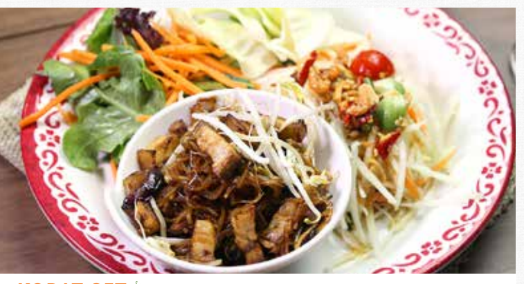
KORAT SET With Som tum and Pad Mee Korat (Stir fried noodle) ผัดหมี่โคราช + ส้มตำโคราช 28.9
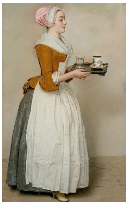
Рис 2. Лиотар Ж.-Э. Шоколадница (ок. 1743–1745)

В конце XIX века художники в своих работах обращались к экспериментам с техникой пастели. Например, Л.О. Пастернак соединял пастель и темперные краски; В.Э. Борисов-Мусатов в своем творчестве использовал пастель и масло, темперу, акварель, гуашь. Картина В.Э. Борисова-Мусатова (1870–1905) «Дама в голубом» написана в смешанной технике: акварель подчеркнута, доработана пастелью, что создает впечатление звучащей музыки, благодаря тонкому изображению хрупкой поэтичной модели. На работах В.Э. Борисова-Мусатова вначале прописан тонкий деликатный подмалевок акварели, поверх него нанесена чуть более плотная тональная штриховка пастели, которая уточняет и моделирует форму элементов композиции.
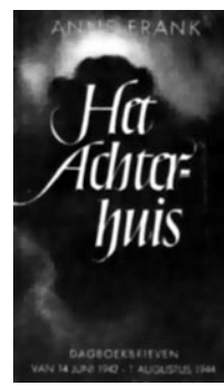
Голландское издание «Дневник Анны Франк»
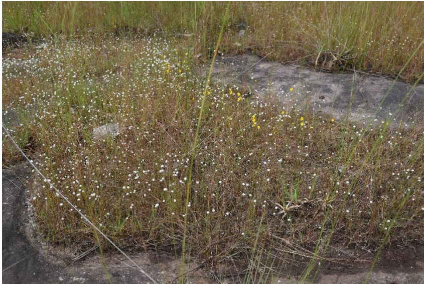
Assemblage d'espèces dans la végétation humide, Grandes Chutes, octobre 2016
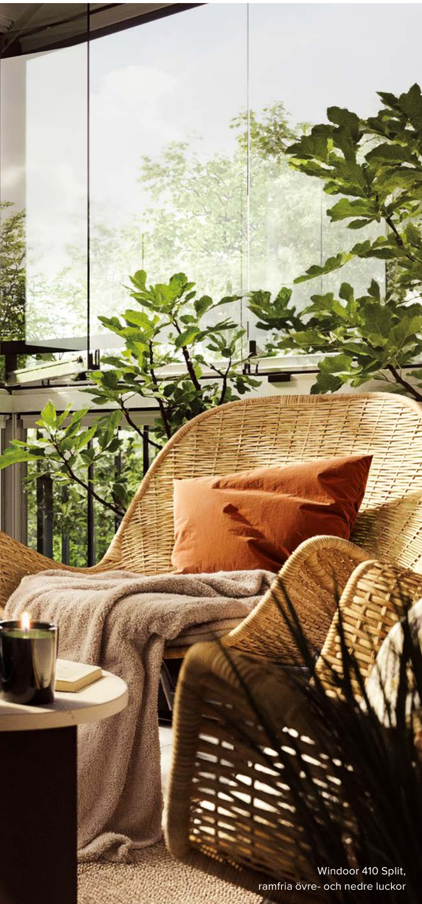
Windoer 410 Split, ramfria övre- och nedre luckor
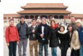
▲北京大学に短期留学
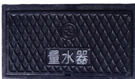
メーターボックス
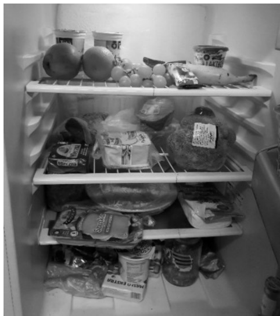
Rysunek 2. Lodówka przed wdrożeniem 5S
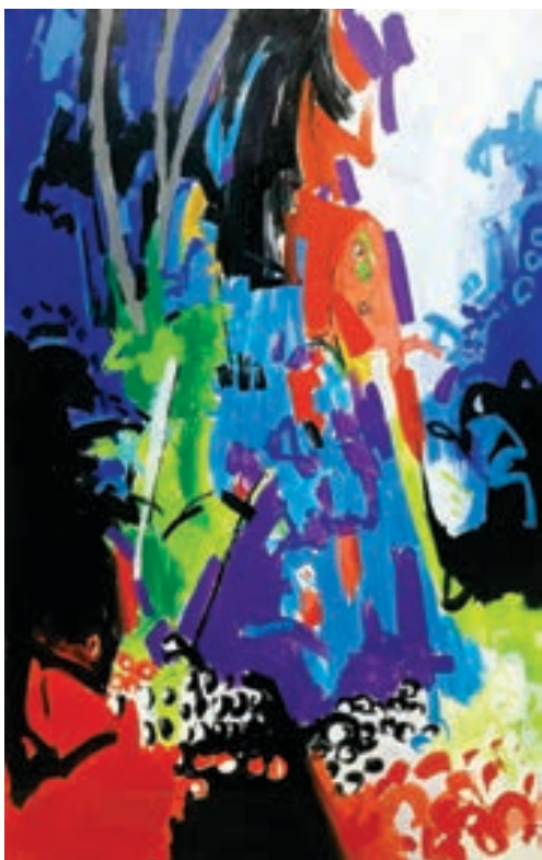
Genc Bekteshi Pikturë, akrilik në pëlhur Kosovë
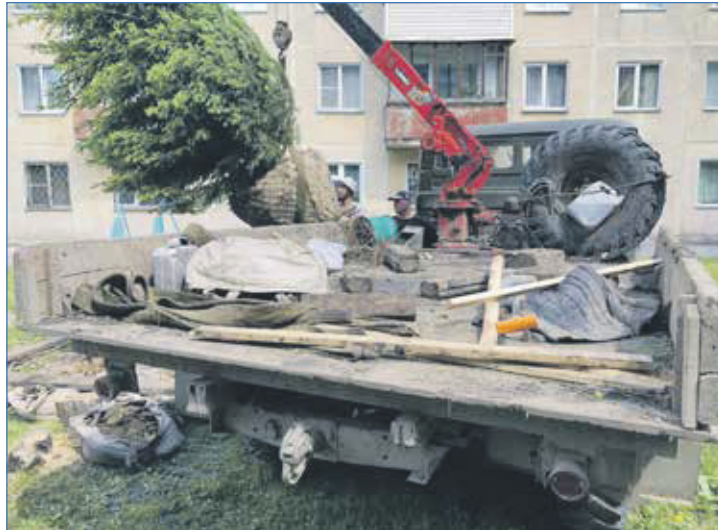
2022 г. Кедр должен прижиться
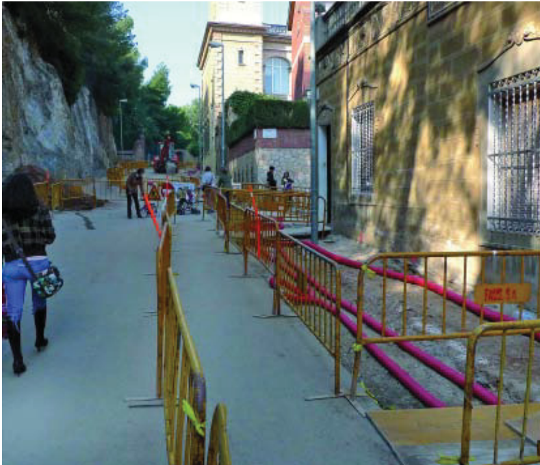
Obres a l'avinguda Sant Josep de la Muntanya, a l'alçada del carrer Mercedes.

La remodelació de l'avinguda del Santuari de Sant Josep de la Muntanya forma part del Pla de millora integral de l'espai públic de la ciutat per als anys 2008-2011, obres que requereixen una inversió econòmica total de 136 milions d'euros
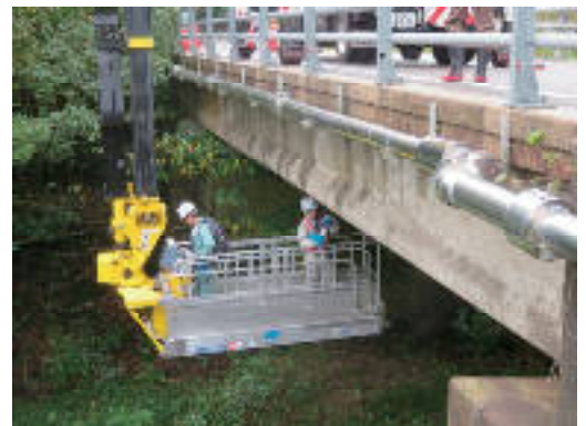
橋梁の定期点検状況

長崎県では、不具合が生じてからの補修ではなく、「 予防保全的手法 」を導入した効率的かつ計画的な維持補修を行うための維持管理計画を策定し、施設の延命化とライフサイクルコストの縮減を図り、次世代に社会資本を引き継ぎます。

**TASK TO COMPLETE:** Extract every line of the records above that contains the word "Muntanya".

**ANSWER TO THE EXERCISE:**
Obres a l'avinguda Sant Josep de la Muntanya, a l'alçada del carrer Mercedes.
La remodelació de l'avinguda del Santuari de Sant Josep de la Muntanya forma part del Pla de millora integral de l'espai públic de la ciutat per als anys 2008-2011, obres que requereixen una inversió econòmica total de 136 milions d'euros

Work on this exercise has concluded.